My fear is that whatever I say right now she’ll just…believe. As the TRUTH. In all capital letters. Yep, all official like that. Because kids are great that way and that’s just what they do.
I worry that one day she’ll learn so much more and resent the fact that what I told her at age six was pure drivel.
Or even worse, that she’ll never ever question my words. That she’ll take for granted that what I tell her today as we sit snuggled up on the big bed, in our jammys, with damp hair, her little fingers resting lightly on mine, is the only TRUTH there is. And she’ll just blindly follow it as a given. In my mind, that would be a tragedy.
So I’ve been wrestling with what to tell my children about heaven. I tried to remember what my parents told me, and came up blank. Bless them for that.
I researched (and researched and researched) what JUDAISM says. And in all of its official-ness (note the capital letters), I also came up somewhat blank. Lots of ideas, thoughts, theories. But not one set-in-stone belief. Some have a traditional vision of heaven. Others believe that everyone gets there eventually, after some cleansing per se. But, importantly, no pictures were drawn in my mind.
And to be honest with you, although I didn’t come up with the pat answer to share with my children that I was looking for, I was secretly thrilled. And relieved. Because let’s just face it, assumed truth and I are not exactly old friends.
I did glean that Judaism is not focused on the question of how to get into heaven. But rather, on life. And how to live it. And live it well.
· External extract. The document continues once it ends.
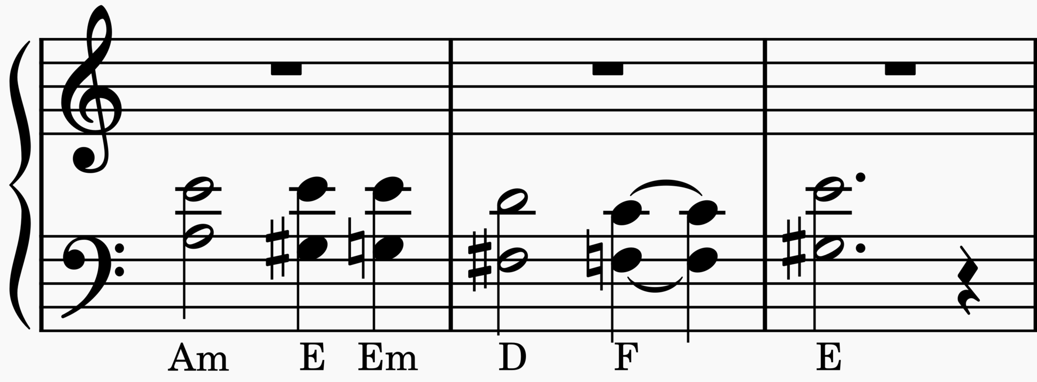 In musical works characterized by the sustained repetition of a singular sequence, any deviation from that pattern becomes particularly impactful and recognisable. As observed in Barbara Strozzi's 17th-century composition (Strozzi, 1659), Lagrime Mie, the moments of departure from the recurring form provide a sense of ease, where “the music breathes here, lightens and for a moment tries to escape the strictures of its own form” (Listening In, 2022; 5:01). In my own work, I sought to emulate this principle of deviation, creating a 'breathing moment' similar to Strozzi's. This moment serves as a foreshadowing to the subsequent development of a more adventurous texture and rapid musical expansion, suggesting a deliberate inhalation before a more powerful and impactful exhalation of the music that follows. I achieve this by altering the chord sequence to Am, E, Em, D, F, C, E.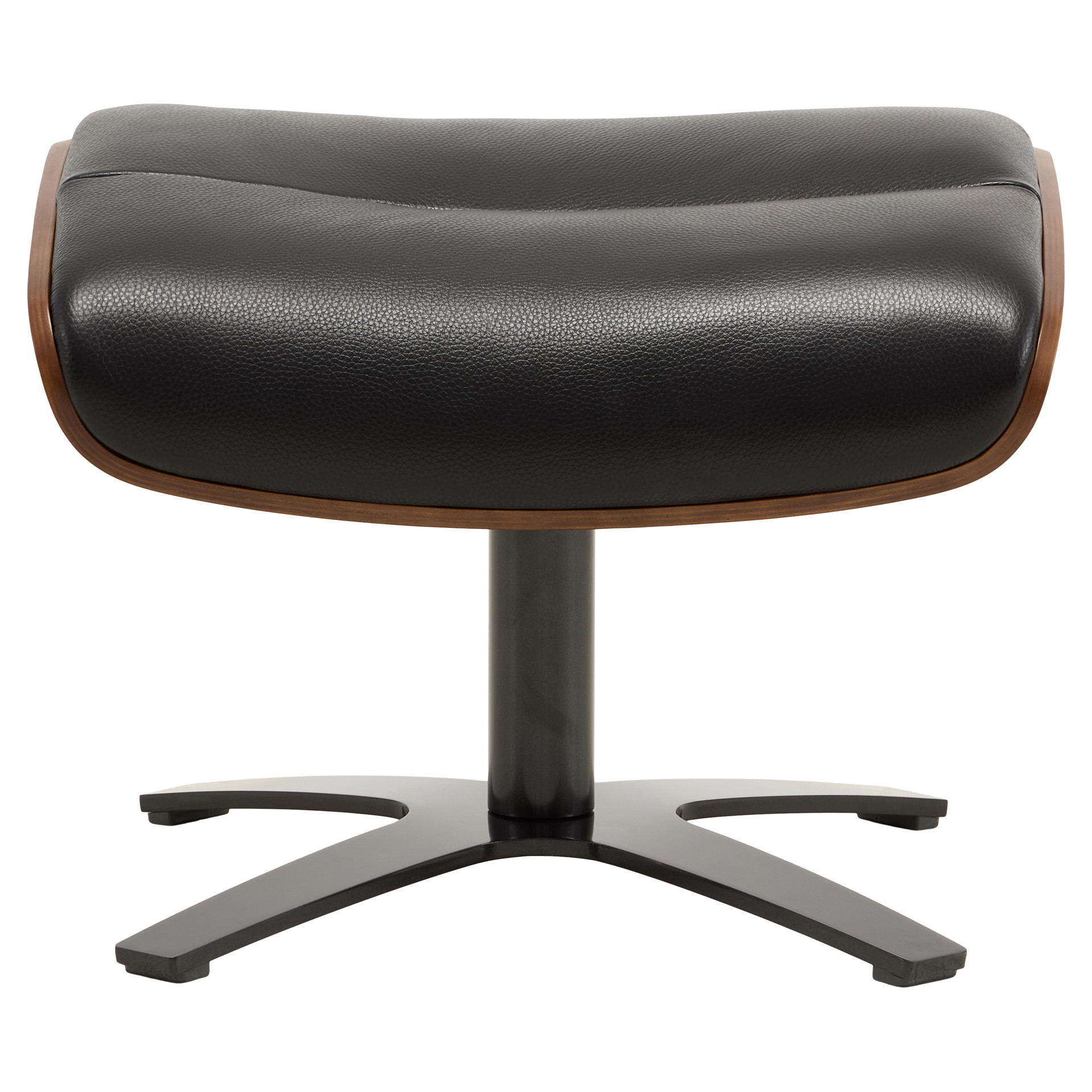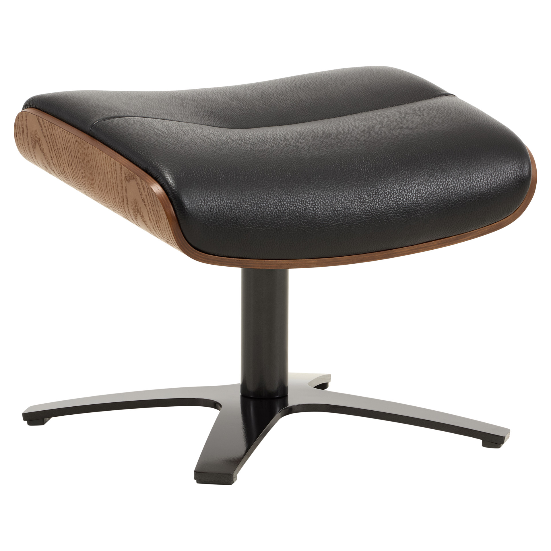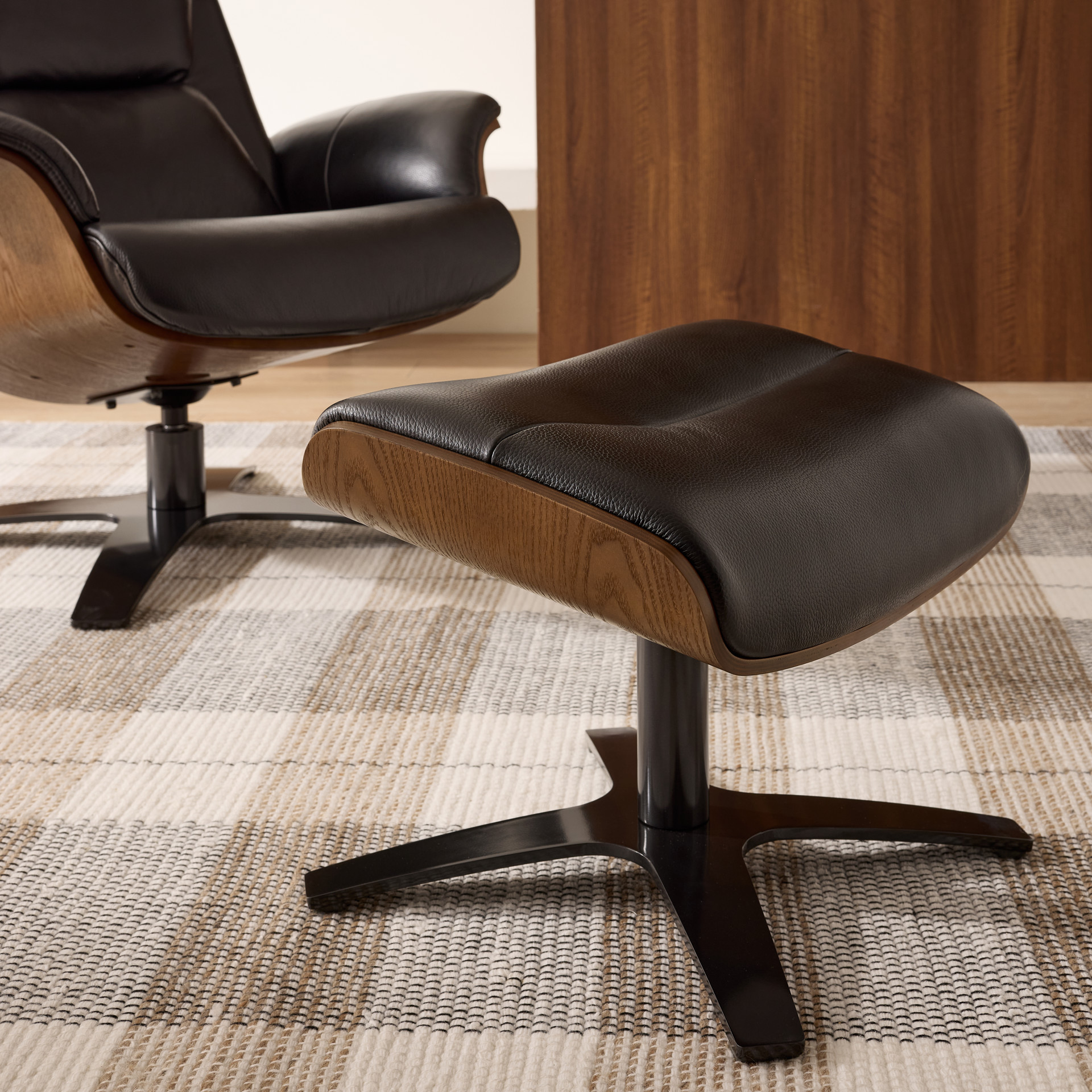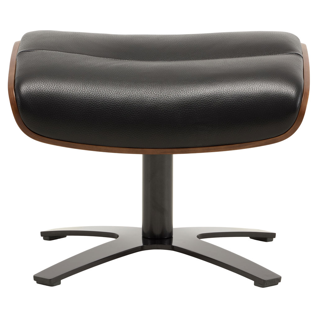 This elegant ottoman perfectly embodies the art of modern design. Its sculpted shape in genuine black leather offers exceptional comfort, while the natural wood base adds a warm, authentic touch to your interior.

And, can I just say, there’s an idea that I can heart-and-soul get behind.
Interestingly, the “resources” (Judaism, Jason, my girlfriends) that I love abide by all of the same rules and regulations. Living this life to the fullest. Being good for the sake of being good. Being grateful. Being kind. Being helpful. Do no harm. Make the world a better place.
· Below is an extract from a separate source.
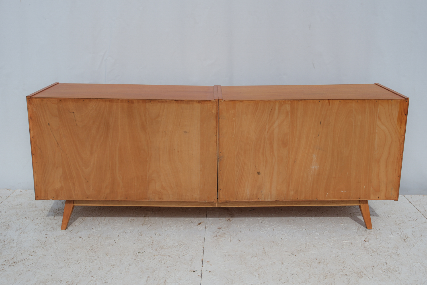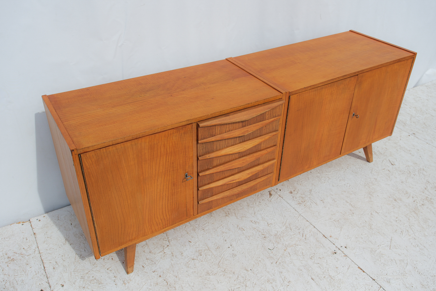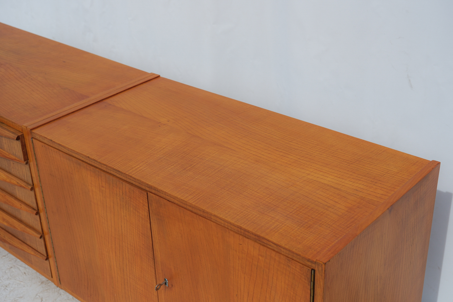 Komoda z 60. let v duchu bruselského stylu československého designu zaujme čistou linií a teplým odstínem dýhy, který nechává vyniknout přirozenou kresbu dřeva.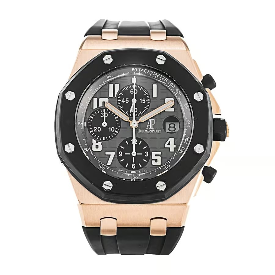 Audemars Piguet Royal Oak Offshore Chronograph 42mm Black Silver Dial Rose Gold Bezel 26470

Now I’m not arguing that nothing exists besides the here and now. The technical side of me (yes, believe it or not, it does exist) is drawn to the soul weight studies. Because if the soul has mass, then, well, you know. And the spiritual side of me is humbled to be a small part of this great big beautiful world. And the emotional side of me has held a crying friend’s hand as she mourned the death of a child and saw that she thought, felt, knew that there’s a heaven for that baby of hers.
What I’m saying is that just like no one can really tell you what it’s like to fall in love. To be a mom. To be pregnant. To go through childbirth. To hold your newborn. To be up all night with her or him. To experience loss. To be chronically ill. To be really and truly terrified. I think that heaven and all of its what-ifs fall into the same category. No one can actually tell you what it is, what it’s like.
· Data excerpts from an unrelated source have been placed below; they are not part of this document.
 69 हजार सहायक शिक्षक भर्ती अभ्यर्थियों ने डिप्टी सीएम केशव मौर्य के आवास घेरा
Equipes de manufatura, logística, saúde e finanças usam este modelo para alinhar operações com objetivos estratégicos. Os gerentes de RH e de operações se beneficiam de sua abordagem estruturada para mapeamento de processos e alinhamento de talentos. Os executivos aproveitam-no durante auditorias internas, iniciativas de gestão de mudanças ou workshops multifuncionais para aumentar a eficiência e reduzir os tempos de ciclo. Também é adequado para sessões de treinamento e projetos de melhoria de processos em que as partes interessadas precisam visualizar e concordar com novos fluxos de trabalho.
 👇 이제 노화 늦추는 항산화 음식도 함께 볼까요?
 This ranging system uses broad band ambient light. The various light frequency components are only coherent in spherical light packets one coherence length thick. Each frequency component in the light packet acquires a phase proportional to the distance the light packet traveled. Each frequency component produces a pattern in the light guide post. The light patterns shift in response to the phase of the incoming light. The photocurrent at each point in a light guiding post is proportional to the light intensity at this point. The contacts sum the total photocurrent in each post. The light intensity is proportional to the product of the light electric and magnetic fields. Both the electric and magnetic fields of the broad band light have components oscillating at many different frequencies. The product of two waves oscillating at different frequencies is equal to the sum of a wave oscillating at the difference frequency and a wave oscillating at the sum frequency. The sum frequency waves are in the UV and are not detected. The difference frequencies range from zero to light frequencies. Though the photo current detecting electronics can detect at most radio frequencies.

And that’s OKAY. And it’s ENOUGH.
So what’s my plan? What do I want my children to know about heaven? Well, here’s a start. I believe in souls. And that theirs are absolutely stunning. That this earth is so abundantly breath-taking in its beauty and opportunity. And we should treat it well. That the thought of what we would do if not better our world, frightens me. That I believe that they, my babies, will do amazing things in this lifetime. And that their souls will grow stronger, wiser, better. And after that? After they’re done with all of that? I. Don’t. Know. And that I feel safe and confident in that not knowing. I’m open to reading more, talking more, learning more and filling my heart with more. But at the end of the day (pun so not intended), I will still not know. And that’s okay. Really. And that is all.